# If f(x)=x^2+3x+k is divided by x+k, remainder is 0. What is the value of k?

Mar 28, 2017

$k = 0 \mathmr{and} 2$

#### Explanation:

$\frac{{x}^{2} + 3 x + k}{x + k}$

we use long division to solve it.
${x}^{2} + 3 x + k \to x \cdot \left(x + k\right)$
$- \left({x}^{2} + k x\right)$
........................
$3 x - k x + k$
$\left(3 - k\right) x + k \to \left(3 - k\right) \cdot \left(x + k\right)$
$- \left(\left(3 - k\right) x + \left(3 - k\right) k\right)$
.......................
$k - \left(3 - k\right) k = k - 3 k + {k}^{2} = - 2 k + {k}^{2}$

to be a divisible,
$- 2 k + {k}^{2} = 0$
$k \left(- 2 + k\right) = 0$

$k = 0 \mathmr{and} 2$

Mar 28, 2017

$k = 0$ or $k = 2$

#### Explanation:

We can use Remainder Theorem here.
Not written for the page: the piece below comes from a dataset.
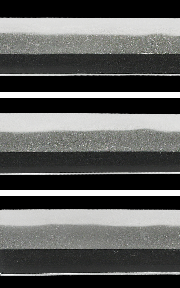 図譜には、『この刀は、姿態、地刃共に大和気質が強く現れている。特に、刃中の働きが盛んで地刃も良く沸付くなど、覇気が表出し、大和物でも当麻に最も擬せられるものである。緩みのない肌合いが優れ、焼き刃の豊かな景色など、同派の優れた出来映えを示した一口である。』とあるように、大和伝と相州伝の良いとこ取りが当麻最大の見所、本作はそれが顕現されており、焼き刃も元から先まですこぶる健全です。
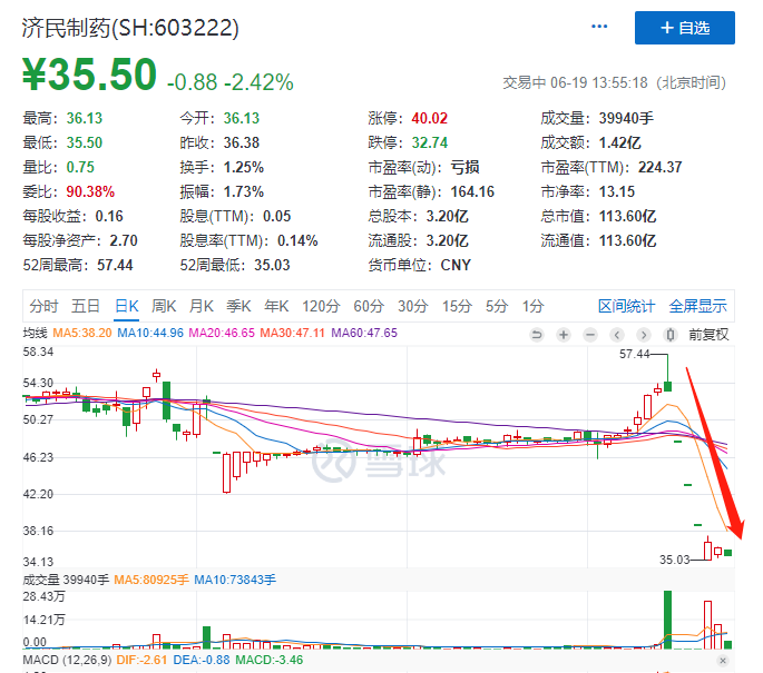 6月11日,通常换手率极低的济民制药突然放出天量,全天成交额近16亿元,换手率达到8.88%。此后,济民制药连续三个交易日一字跌停,众多投资者遭“闷杀”。

According to this theorem, if a polynomial $f \left(x\right)$ is divided by $x - a$, the remainder is $f \left(a\right)$.

In other words, if $f \left(x\right)$ is divisible by $x - a$, $f \left(a\right) = 0$.

Now $f \left(x\right) = {x}^{2} + 3 x + k$ to be divisible by $x + k$ or $x - \left(- k\right)$,

we should have $f \left(- k\right) = {\left(- k\right)}^{2} + 3 \times \left(- k\right) + k = 0$

or ${k}^{2} - 3 k + k = 0$

i.e. $k \left(k - 2\right) = 0$

For this we must have either $k = 0$ or $k - 2 = 0$

i.e. either $k = 0$ or $k = 2$